La ciudad de León Magno

La ciudad de León Magno
Vista de Roma ©El Exquisito
Mesa Editorial / June 13, 2022
  • “Todos los caminos conducen a Roma” y particularmente los caminos de la Iglesia Católica, con sus cumbres sublimes, sus valles sinuosos y sus oscuros abismos. De obispos y papas se puede escribir mucho pero para entender el origen de esa relación única entre la antigua ciudad imperial y el pontificado, el personaje de rigor es León I, un papa que definió y determinó el lugar del cristianismo en Roma y de Roma en el cristianismo. Su pontificado, entre los años 440 y 461, fue ejercido a plenitud en lo religioso, en lo político, en lo cultural.

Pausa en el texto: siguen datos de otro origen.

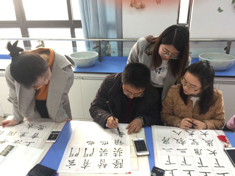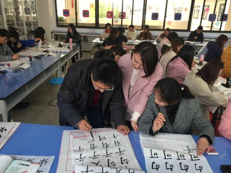 老师们热情高涨,虚心静听,用心揣摩写字、练字的方法,迫不及待地拿起毛笔认真地临摹,有疑惑的地方立即向老师请教,仿佛又回到了学生时代,整个教室充满浓浓的学习、研究的氛围。

    De la juventud del papa León I se sabe poco, en el Liber Pontificalis (texto publicado años después, quizá en el siglo VI) se lee que nació en la Toscana, y el pueblo de Volterra, al sureste de Pisa, se considera su lugar de nacimiento, alrededor del año 440. Fue ordenado diácono en Roma y se le asignaron pronto funciones administrativas notables bajo los mandatos de Celestino (422-32) y Sixto III (432-40). Estando en Galia recibió la noticia de su elección y fue entronizado Papa el 29 de septiembre de 440. Consideró ese día como su ‘natividad’ y durante muchos años marcó la fecha con un sínodo local ante el cual dirigía una de sus reconocidas homilías sobre la obra continua de Pedro en la Iglesia.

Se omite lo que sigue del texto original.